◆ Supplied information ◆

- Opening Delimiter -

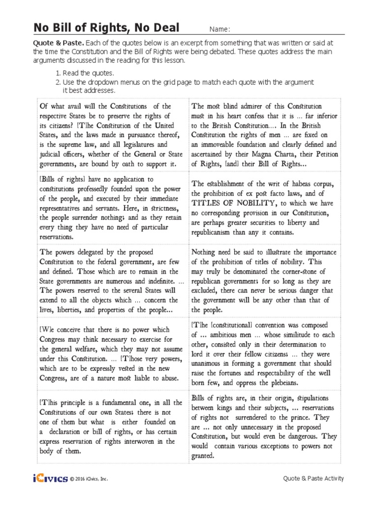 Bill of Rights helping students to identify among other things the five key freedoms embedded in the First Amendment and the purpose of the Ninth and Tenth No bill of rights no deal answer key. Students will find out why individual rights was such a big issue where the concept of a bill of rights came fromand how the Bill of Rights finally got added to the U. The name for people who opposed the Constitution partly because it had no bill of rights.
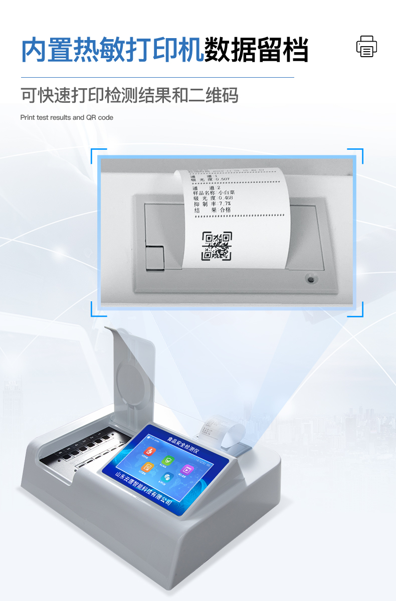 | 1、安卓智能操作系統,采用更加**和人性化操作,儀器具有網線連接、wifi聯網上傳、GPRS無線遠傳功能,快速上傳數據。 | 2、智能化程度高,儀器具有自檢功能:具有開機自檢和調零功能,具有自動檢測重復性功能。 | 3、檢測通道:≥12個檢測通道,可以同時測試多個樣品,每個樣品由程序控制分別獨立工作,不會互相干擾。 | 4、顯示方式:≥8英寸液晶觸摸屏顯示,人性化中文操作界面,讀數直觀、簡單。 | 5、配備新一代嵌入式熱敏打印機,可選擇手動打印或者自動打印,檢測完成可自動打印檢測報告和二維碼。 | 6、光源采用進口超高亮發光二極管,高精度、穩定性強、光源可控、可以關掉不使用的光源,功耗更低。 | 7、采用USB2.0接口設計,方便數據的存貯和移動,并可隨時與計算機直接相連,并且可用計算機控制儀器。實現數據查詢、瀏覽、分析、統計、打印等。 | 8、儀器帶有監管平臺。數據可局域網和互聯網數據上傳,檢測結果直接傳至食品安全監管平臺。進行區域食品安全監管及大數據分析處理,檢測區域食品安全長短期動態,達到食品安全問題預估、預警 | 9、儀器具有品類多種類樣品菜單庫,可靈活選擇檢測樣品,不同的檢測通道可同時檢測不同的樣品項目。 | 10、樣品處理簡單省力,整體操作快速、安全、便捷。 | 11、儀器具有自身保護功能,可設置用戶名及密碼,防止非工作人員操作等。 | 12、高靈敏度,高檢測精度,高重復性精度,掃描式高精度光學傳感器。 | 13、內置強大的數據庫,可在儀器上直接選擇樣品名稱、檢測指標、送檢單位等信息,也可在儀器上直接編輯錄入樣品名稱、檢測指標、送檢單位等信息并保存進樣品數據庫。 | 14、儀器具有重新校準、鎖定、恢復出廠設置功能。 | 15、支持U盤存儲。 結果判定線可修改,對照值標定值可保存,斷電不丟失數據。 |
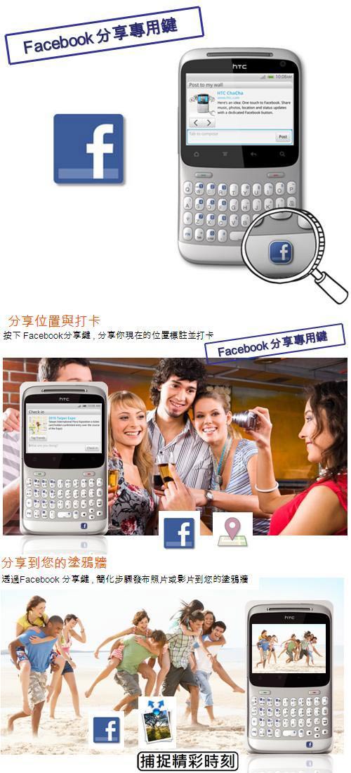 HTC ChaCh 配備 Facebook 專屬按鍵 ,讓使用者能輕鬆開啟 Facebook 中常用的功能。同時,Facebook 專屬按鍵會視情況而提供不同功能,當更新的內容傳來時,會有燈光閃爍提示。此外,按一下按鍵,可即時更新狀態、上傳相片、分享網址、你正在聽的歌曲,或是在你喜愛的地點簽到等等。
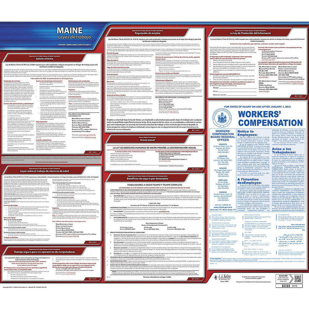 JJ KELLER 200-ME Labor Law Poster State Labor Law ME

- Closing Delimiter -

◆ Your objective ◆
The lines to copy run from the one with "HTC ChaCh 配備" through the end of the material. Write them out exactly, leaving out the pictures.

◆ Answer to this task ◆
 HTC ChaCh 配備 Facebook 專屬按鍵 ,讓使用者能輕鬆開啟 Facebook 中常用的功能。同時,Facebook 專屬按鍵會視情況而提供不同功能,當更新的內容傳來時,會有燈光閃爍提示。此外,按一下按鍵,可即時更新狀態、上傳相片、分享網址、你正在聽的歌曲,或是在你喜愛的地點簽到等等。
 JJ KELLER 200-ME Labor Law Poster State Labor Law ME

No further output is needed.